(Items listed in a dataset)
______________________________

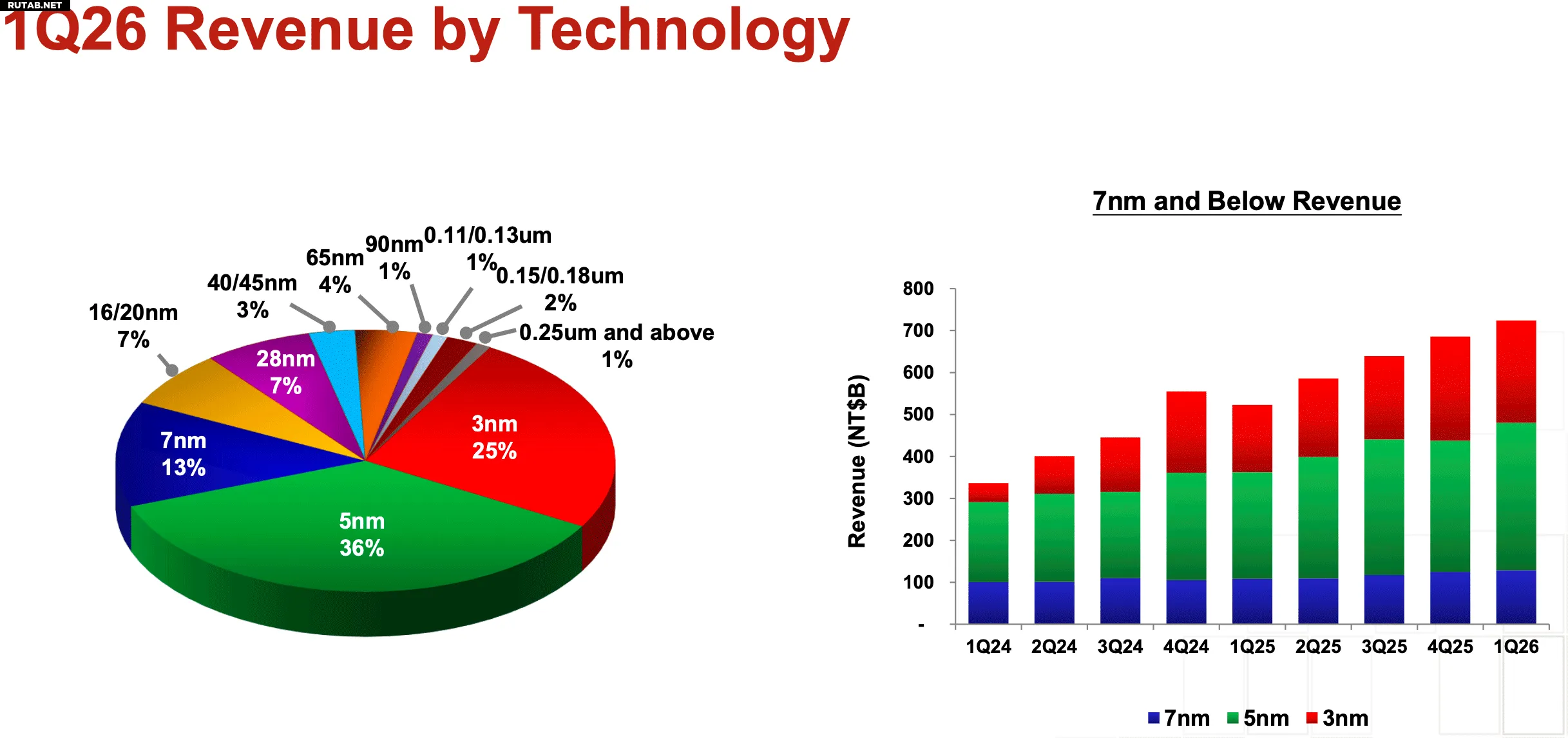 Среди технологий производства 5-нм техпроцессы (N5) принесли 36% выручки от продажи пластин в квартале, во многом благодаря успеху ускорителей ИИ Blackwell от Nvidia. На 3-нм (N3) пришлось 25%, а на 7-нм — 7%. Передовые нормы (7 нм и тоньше) в сумме обеспечили 74% доходов компании.
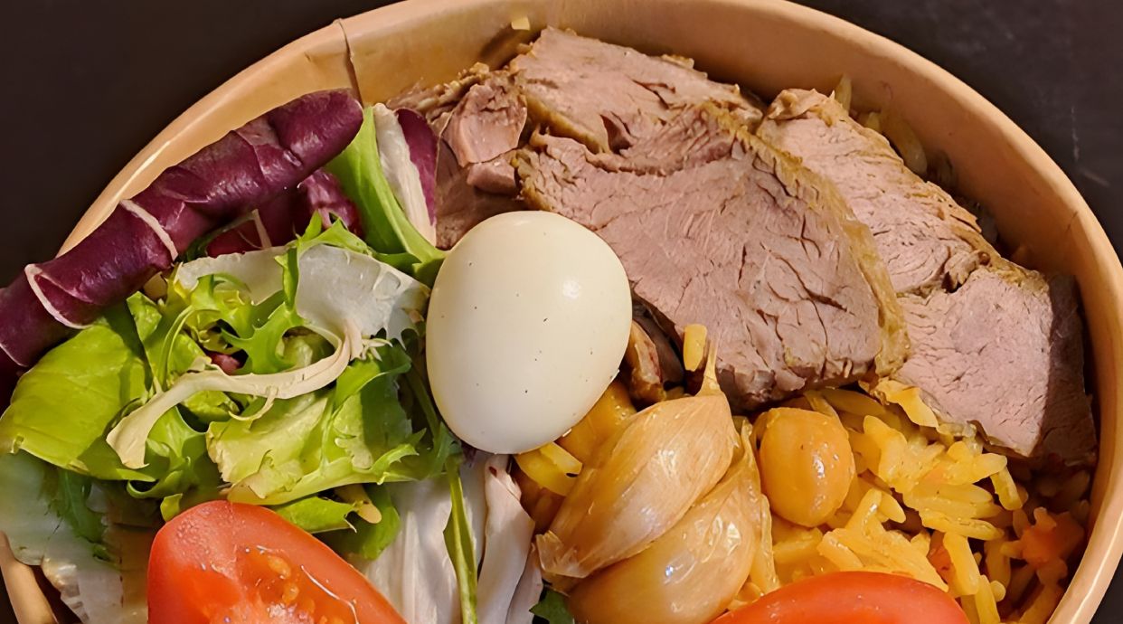 Рис "Басматі", яловичина, морква, цибуля, соняшникова олія, зіра, нут, прянощі.
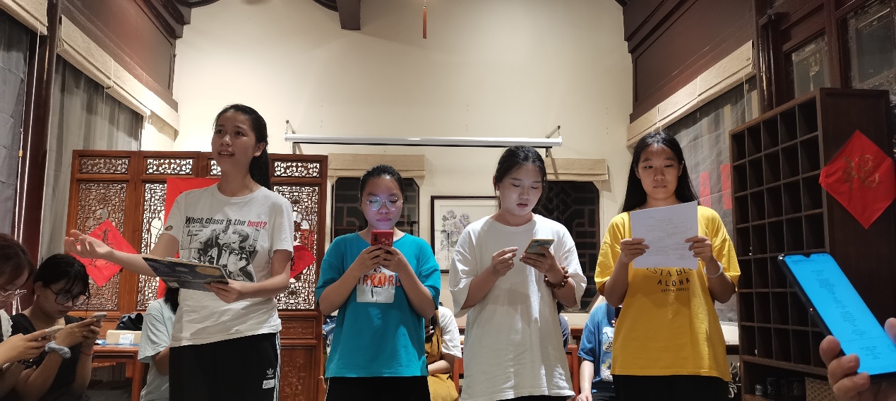 活动开始,王毅院长让每个小分队一个接一个进行朗诵,再分别指出每个小分队存在的不足之处,并亲自示范应如何去朗诵,比如开头部分,起始不要快、朗诵过程要专心致志,不要笑场、结尾部分应沉稳等。
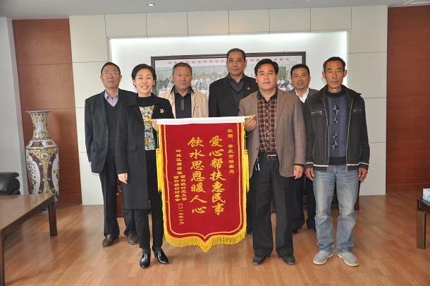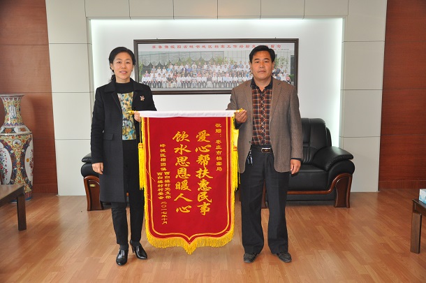 11月16日,市档案局帮扶的西白楼村支部代书记姚洪岗、村主任王化跃代表西白楼村全体村民专程到市档案局,送来了一面写有“爱心帮扶惠民事,饮水思恩暖人心”的锦旗,以表达对扶贫工作的感激之情。
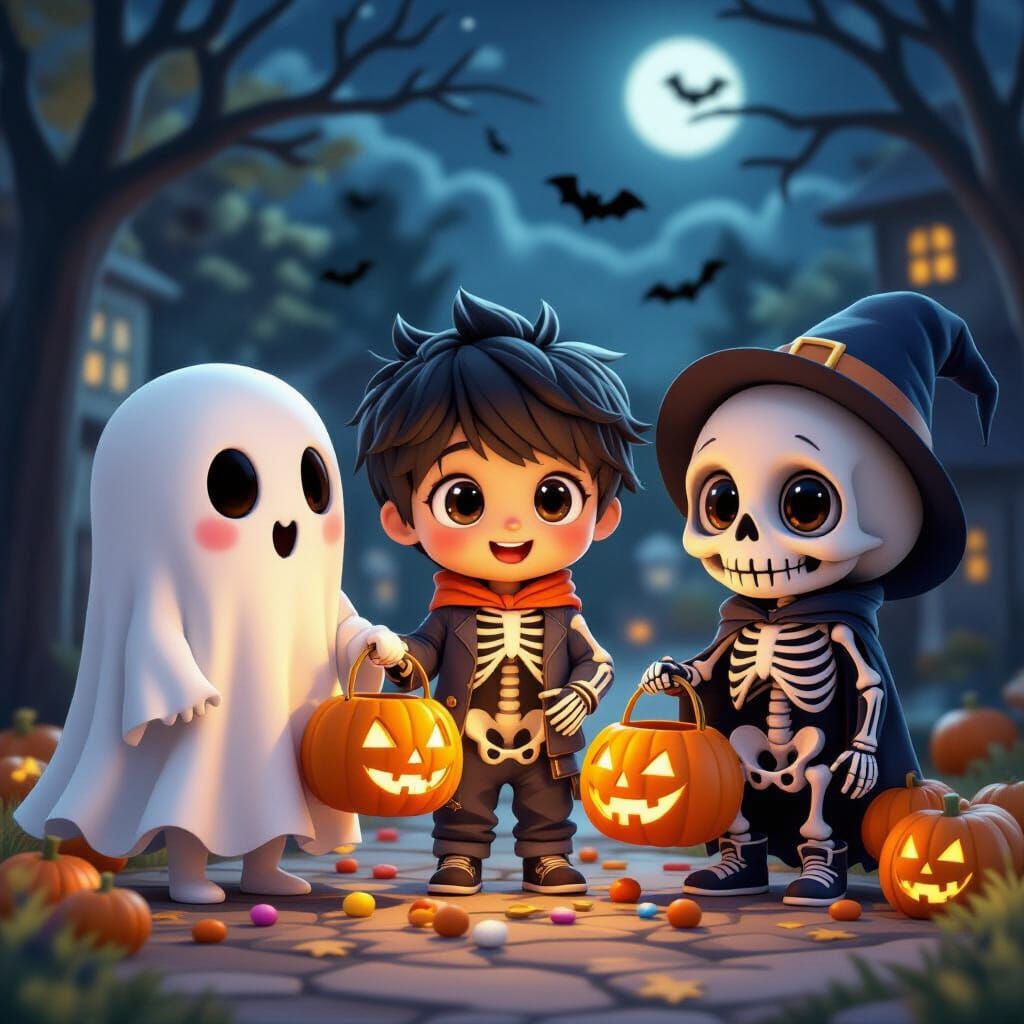 A charming 3D realistic anime scene depicts skeleton children collecting candy on Halloween, with a friendly ghost nearby, rendered in high dynamic range.
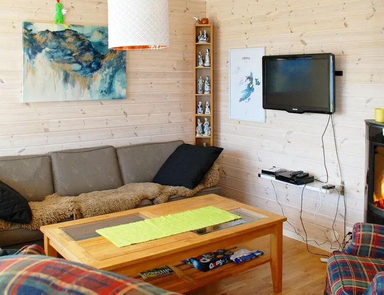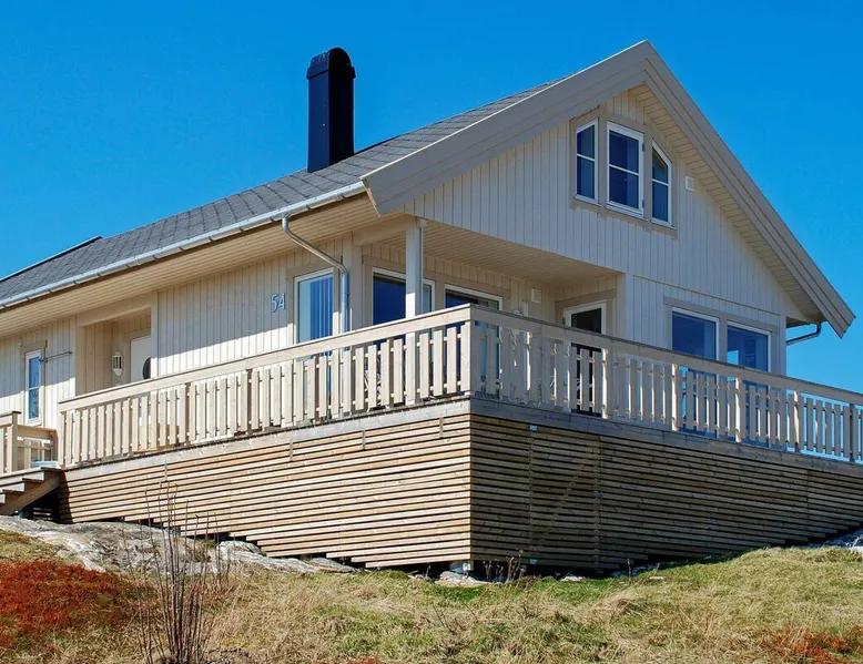 6 person holiday home in Dønna The space Comfortable and family-friendly holiday home with a great panoramic view to the charming coastal landscape of the Helgeland region. The cabin is located near the north coast of the island of Dønna and built in 2016, surrounded by beautiful hiking terrain and good fishing in the offshore sea. Leisure anglers can rent a boat for their trips. The house has two floors: On the ground floor kitchen / living area with dining area with wonderful sea views and two bedrooms each with double bed and bathroom with shower / WC, washing machine and dryer. The second floor contains two additional bedrooms, each included with two single beds, and a lounge area with PlayStation and TV (included with German channels) Make it comfortable with the whole family on cooler evenings in front of the blazing fire of the fireplace, viewable through large glass panel. The modern heat pump also contributes to a pleasant indoor climate. The room height is limited in the upper floor, max. 190 cm, on the sides of the sloping roof max. 110 cm high. The area is perfect for the active family who loves to spend time outdoors and enjoying the magnificent nature. Note that this cabin is not available for fishing groups. The boat is available 01.05 – 30.09 A ferry is required to the house. At DanCenter you have a wide choice of holiday homes and Danland Parks. We have as many as 6,000 different holiday homes in Denmark, as well as a large selection in Sweden, Norway and Germany. Thanks to the extensive offer you will always find a holiday home that suits you. You can enjoy your stay in a holiday home in Scandinavia in any season. How about a holiday home with swimming pool in the spring? Or a holiday home by the sea in summer? That way you can cool down on sweaty days. But Scandinavia is also a fantastic destination in autumn or winter. There are plenty of houses with a fireplace or sauna. Moreover, some houses are also equipped with a billiard or table tennis table. You won't be bored for a moment! Even if you like staying at a holiday park, there are plenty of options. The Danland holiday parks all have good facilities, such as a swimming pool, playground or bicycle rental. A holiday park is always a good place to be. Discover from your holiday home the beautiful Danish beaches on the North Sea or Baltic Sea, or enjoy a holiday on one of the many Danish islands. Whether you go on holiday with your partner, family or group of friends, DanCenter provides the place to be. Plus, over 3,000 holiday homes allow you to bring your pet! Sounds like a wonderful holiday right? Guest access Layout: Boat: Kitchen(cooker(electric), hood, coffee machine(filter), microwave, dishwasher, fridge, freezer(200-249L), tumble dryer, washing machine, high chair), Living/bed room(27 m2)(TV(satellite, german television channels, norvegian TV channels ), radio), bedroom(double bed, children's bed), bedroom(double bed), bedroom(2x single bed), bedroom(2x single bed), bathroom(floor heating)(bathtub or shower, washbasin, shower, toilet), game computer, game computer, heating(electric), terrace(25 m2), terrace(roofed, 5 m2), garden furniture, BBQ, parking, air to air heatpump Other things to note To be paid at the holiday home: Note: If applicable some fees may need to be paid upon your arrival. Please find an overview of these possible costs below - Deposit: NOK 1.500 - Pets: Not allowed - Bed linen: Possible to rent, NOK 150 per Stay Additional services which can be booked: - Bath towels: Bring your own - Wifi: Free Additional costs included in the booking price: - Final Cleaning: NOK 0.00 Group/Stay

______________________________

▶ WHAT TO PRODUCE
When copying from the data above, print only the lines from the line containing "11月16日,市档案局帮扶的" to the line containing "A charming 3D", exactly, and leave the pictures out.

▶ TASK SOLUTION
 11月16日,市档案局帮扶的西白楼村支部代书记姚洪岗、村主任王化跃代表西白楼村全体村民专程到市档案局,送来了一面写有“爱心帮扶惠民事,饮水思恩暖人心”的锦旗,以表达对扶贫工作的感激之情。
 A charming 3D realistic anime scene depicts skeleton children collecting candy on Halloween, with a friendly ghost nearby, rendered in high dynamic range.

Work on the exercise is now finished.